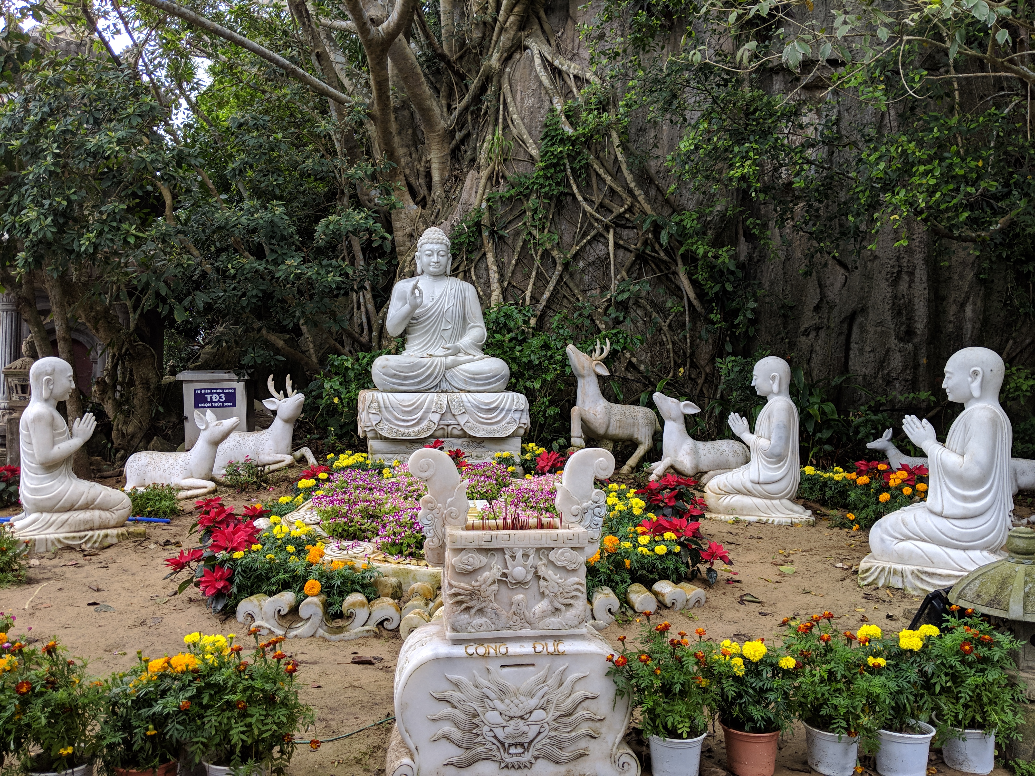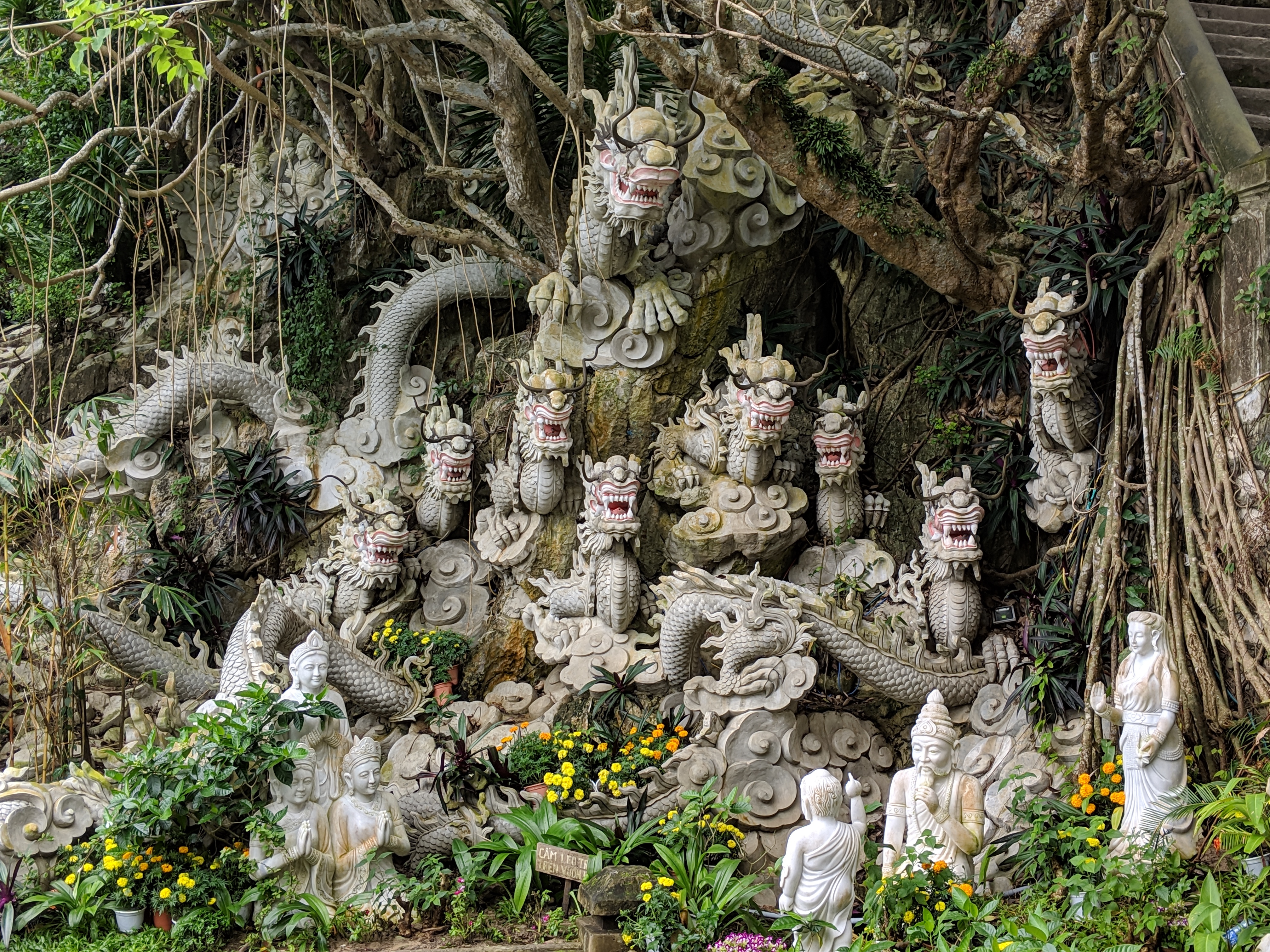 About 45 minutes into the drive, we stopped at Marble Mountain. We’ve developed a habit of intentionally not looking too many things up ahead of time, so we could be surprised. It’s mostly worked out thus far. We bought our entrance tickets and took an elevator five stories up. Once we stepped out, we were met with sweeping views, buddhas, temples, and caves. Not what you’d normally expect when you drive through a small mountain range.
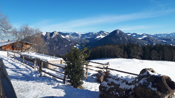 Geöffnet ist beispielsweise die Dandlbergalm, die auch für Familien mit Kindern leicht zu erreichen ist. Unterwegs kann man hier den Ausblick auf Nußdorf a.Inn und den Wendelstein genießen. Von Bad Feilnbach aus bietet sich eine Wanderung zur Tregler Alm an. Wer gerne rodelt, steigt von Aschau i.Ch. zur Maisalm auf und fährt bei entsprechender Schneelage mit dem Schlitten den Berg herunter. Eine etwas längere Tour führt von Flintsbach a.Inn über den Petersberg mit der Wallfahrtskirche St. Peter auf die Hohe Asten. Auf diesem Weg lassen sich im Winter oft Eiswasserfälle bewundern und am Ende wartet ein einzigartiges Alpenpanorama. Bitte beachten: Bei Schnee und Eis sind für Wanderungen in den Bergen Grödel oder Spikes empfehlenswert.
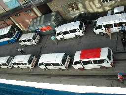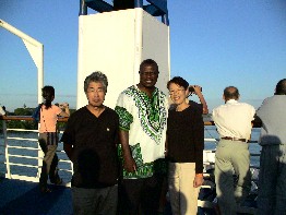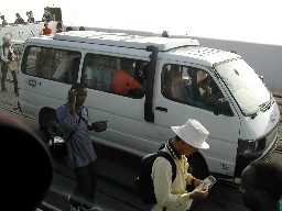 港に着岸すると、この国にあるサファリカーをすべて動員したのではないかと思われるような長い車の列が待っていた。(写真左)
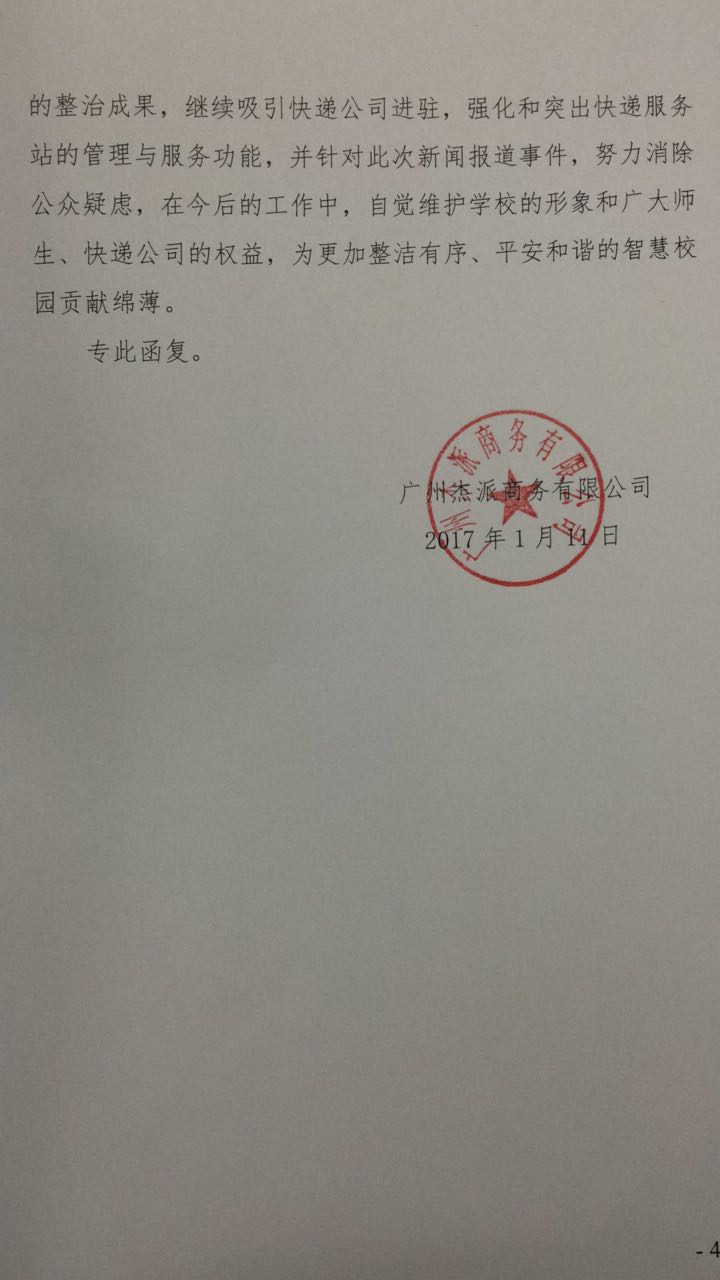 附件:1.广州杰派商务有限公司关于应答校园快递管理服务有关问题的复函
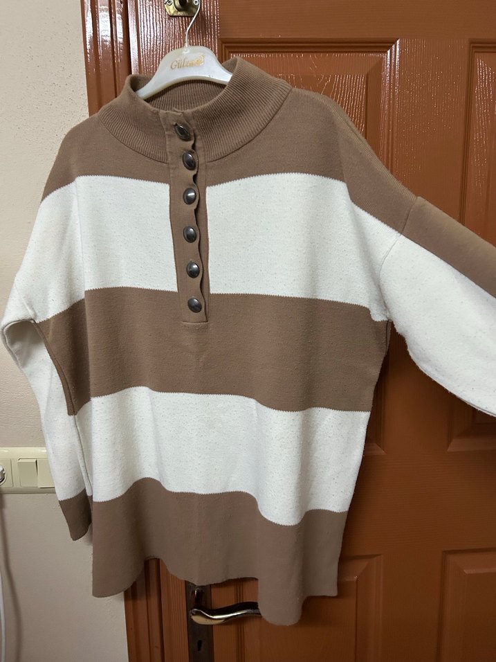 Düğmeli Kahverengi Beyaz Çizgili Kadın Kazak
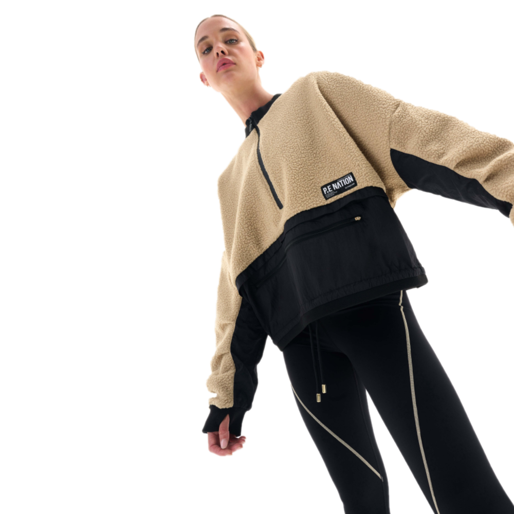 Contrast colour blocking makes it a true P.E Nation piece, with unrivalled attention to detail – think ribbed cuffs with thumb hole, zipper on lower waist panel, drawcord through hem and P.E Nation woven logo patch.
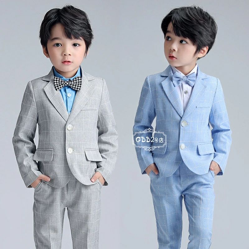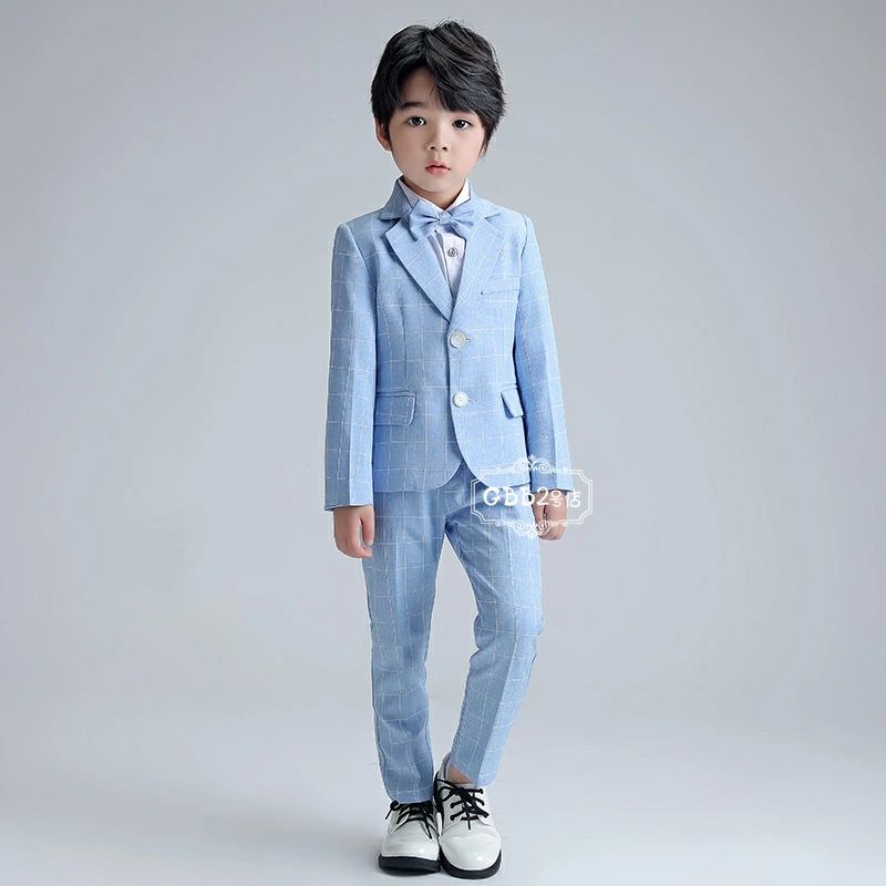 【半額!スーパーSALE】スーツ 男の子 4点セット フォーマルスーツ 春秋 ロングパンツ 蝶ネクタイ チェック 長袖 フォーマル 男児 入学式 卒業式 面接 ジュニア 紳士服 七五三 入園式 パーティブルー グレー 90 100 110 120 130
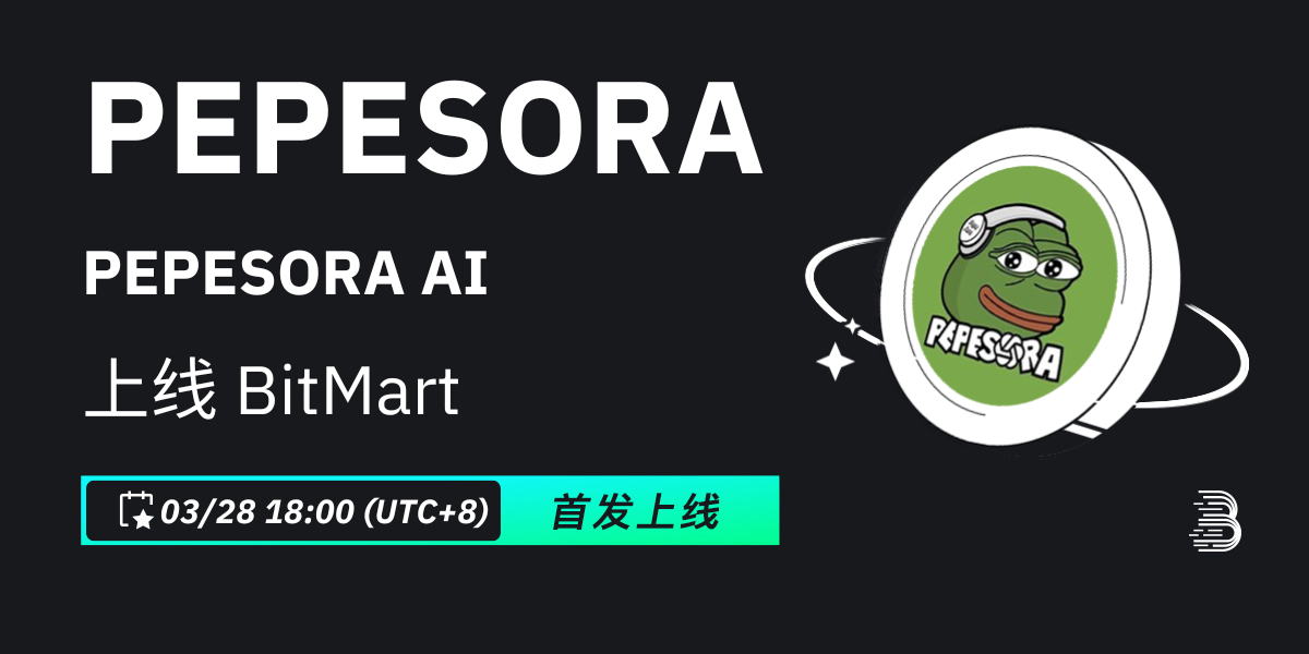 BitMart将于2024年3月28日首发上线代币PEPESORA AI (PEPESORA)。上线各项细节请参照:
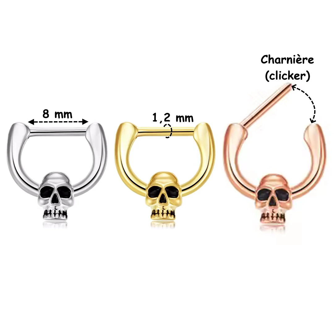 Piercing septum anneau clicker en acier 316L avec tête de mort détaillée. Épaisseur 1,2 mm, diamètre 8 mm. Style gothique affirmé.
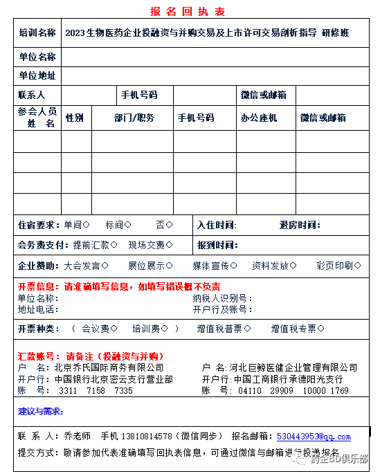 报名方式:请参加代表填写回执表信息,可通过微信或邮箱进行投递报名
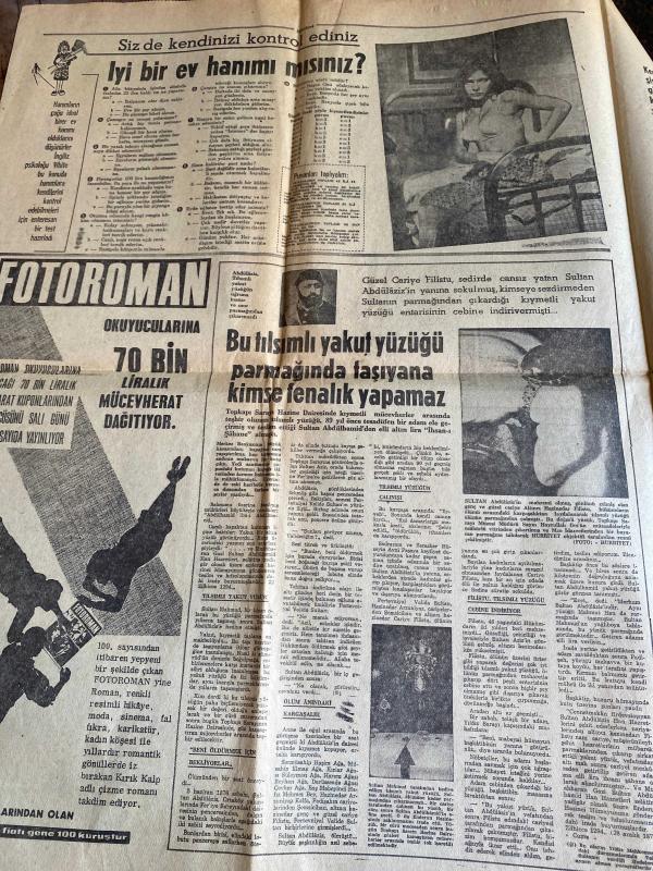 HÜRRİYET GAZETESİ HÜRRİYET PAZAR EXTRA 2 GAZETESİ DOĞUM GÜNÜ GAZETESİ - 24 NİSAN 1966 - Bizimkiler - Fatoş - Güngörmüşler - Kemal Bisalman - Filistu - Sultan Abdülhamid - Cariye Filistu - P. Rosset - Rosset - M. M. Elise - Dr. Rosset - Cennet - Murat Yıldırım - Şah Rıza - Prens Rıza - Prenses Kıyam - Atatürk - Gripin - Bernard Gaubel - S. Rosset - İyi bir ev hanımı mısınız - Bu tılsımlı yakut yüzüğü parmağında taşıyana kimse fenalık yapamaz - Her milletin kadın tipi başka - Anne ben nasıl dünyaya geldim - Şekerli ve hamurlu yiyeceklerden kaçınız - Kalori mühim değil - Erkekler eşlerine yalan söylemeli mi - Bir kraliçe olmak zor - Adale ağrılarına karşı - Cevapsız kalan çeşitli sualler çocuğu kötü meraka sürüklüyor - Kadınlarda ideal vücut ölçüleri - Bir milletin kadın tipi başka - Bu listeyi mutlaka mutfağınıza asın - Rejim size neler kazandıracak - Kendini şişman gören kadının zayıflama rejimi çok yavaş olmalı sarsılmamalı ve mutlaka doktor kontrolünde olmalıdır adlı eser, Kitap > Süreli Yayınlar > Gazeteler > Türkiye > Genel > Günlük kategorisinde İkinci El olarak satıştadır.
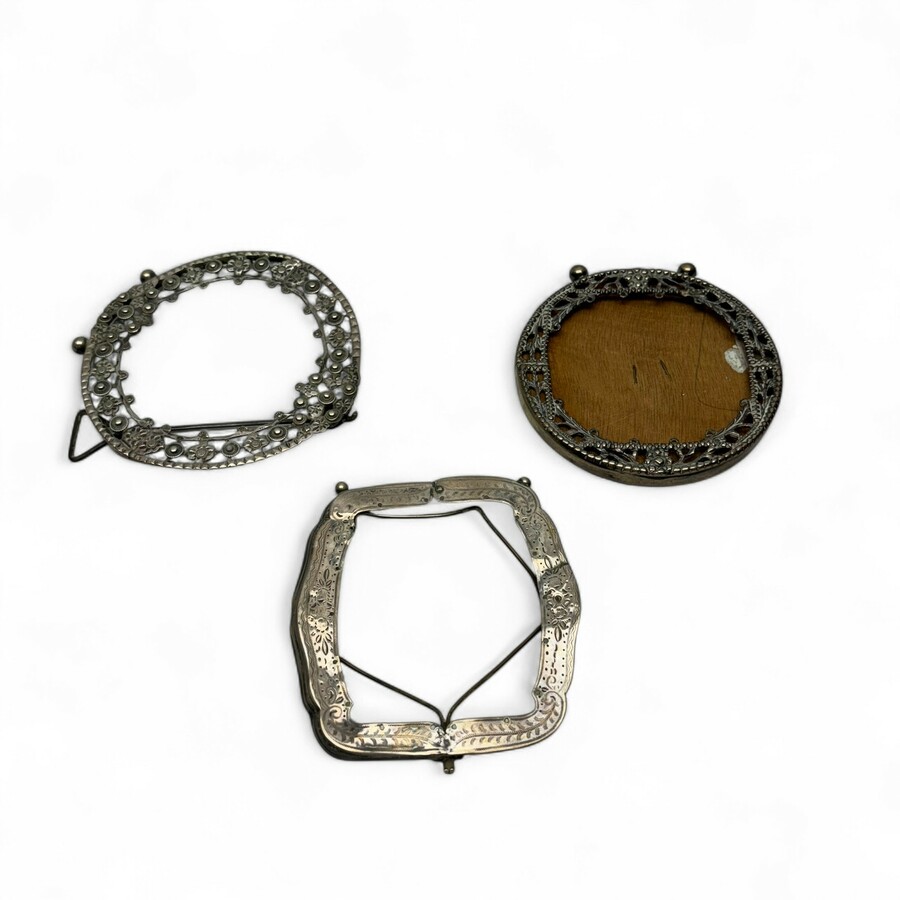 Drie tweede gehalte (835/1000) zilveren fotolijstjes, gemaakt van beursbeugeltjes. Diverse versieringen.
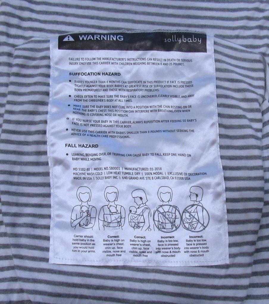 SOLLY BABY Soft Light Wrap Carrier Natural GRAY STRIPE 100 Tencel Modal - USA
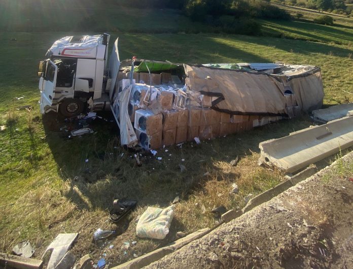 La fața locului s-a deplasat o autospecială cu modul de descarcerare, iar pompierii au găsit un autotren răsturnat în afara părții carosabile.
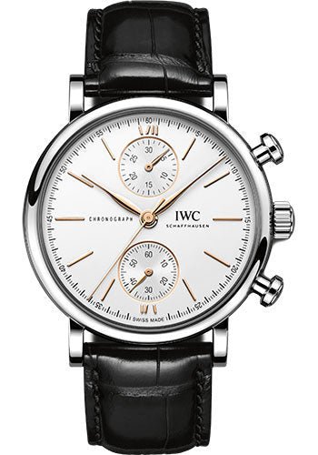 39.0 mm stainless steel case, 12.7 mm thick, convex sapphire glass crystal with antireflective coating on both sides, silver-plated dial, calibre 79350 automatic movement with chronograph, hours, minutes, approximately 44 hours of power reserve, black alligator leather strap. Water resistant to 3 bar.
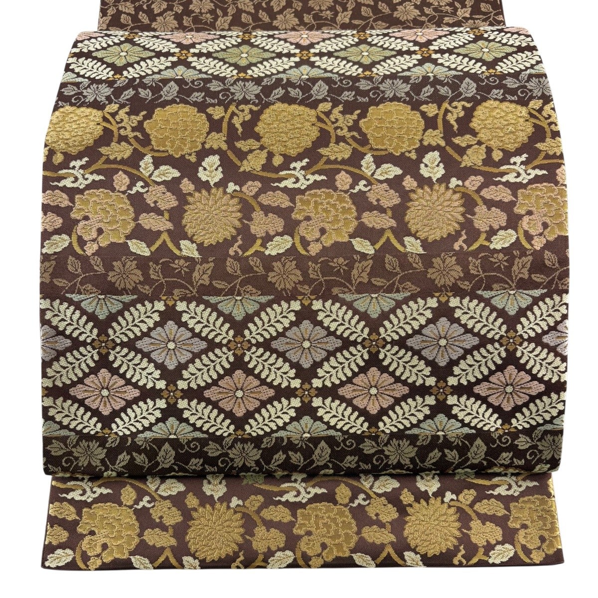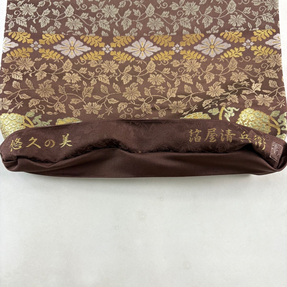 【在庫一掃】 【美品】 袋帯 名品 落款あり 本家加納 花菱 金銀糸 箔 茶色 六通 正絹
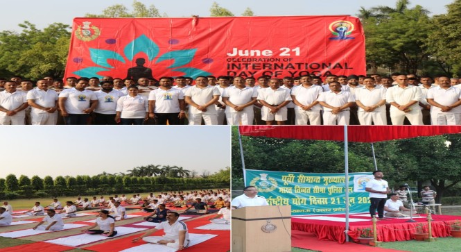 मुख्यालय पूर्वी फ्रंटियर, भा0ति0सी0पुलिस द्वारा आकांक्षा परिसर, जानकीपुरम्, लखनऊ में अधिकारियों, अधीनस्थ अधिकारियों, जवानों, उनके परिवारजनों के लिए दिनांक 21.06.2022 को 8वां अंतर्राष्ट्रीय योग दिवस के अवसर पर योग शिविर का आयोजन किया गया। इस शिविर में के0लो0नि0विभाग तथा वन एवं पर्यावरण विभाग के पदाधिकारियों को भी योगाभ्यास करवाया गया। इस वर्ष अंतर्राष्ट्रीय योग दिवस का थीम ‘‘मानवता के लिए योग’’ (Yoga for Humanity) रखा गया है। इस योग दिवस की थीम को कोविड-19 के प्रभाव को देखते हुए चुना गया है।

EXERCISE DETAILS — Please print exactly the lines from the one holding "金銀糸 箔 茶色 六通 正絹" through the final line of the data above, including both, and skip all pictures.

EXPECTED ANSWER —
 【在庫一掃】 【美品】 袋帯 名品 落款あり 本家加納 花菱 金銀糸 箔 茶色 六通 正絹
 मुख्यालय पूर्वी फ्रंटियर, भा0ति0सी0पुलिस द्वारा आकांक्षा परिसर, जानकीपुरम्, लखनऊ में अधिकारियों, अधीनस्थ अधिकारियों, जवानों, उनके परिवारजनों के लिए दिनांक 21.06.2022 को 8वां अंतर्राष्ट्रीय योग दिवस के अवसर पर योग शिविर का आयोजन किया गया। इस शिविर में के0लो0नि0विभाग तथा वन एवं पर्यावरण विभाग के पदाधिकारियों को भी योगाभ्यास करवाया गया। इस वर्ष अंतर्राष्ट्रीय योग दिवस का थीम ‘‘मानवता के लिए योग’’ (Yoga for Humanity) रखा गया है। इस योग दिवस की थीम को कोविड-19 के प्रभाव को देखते हुए चुना गया है।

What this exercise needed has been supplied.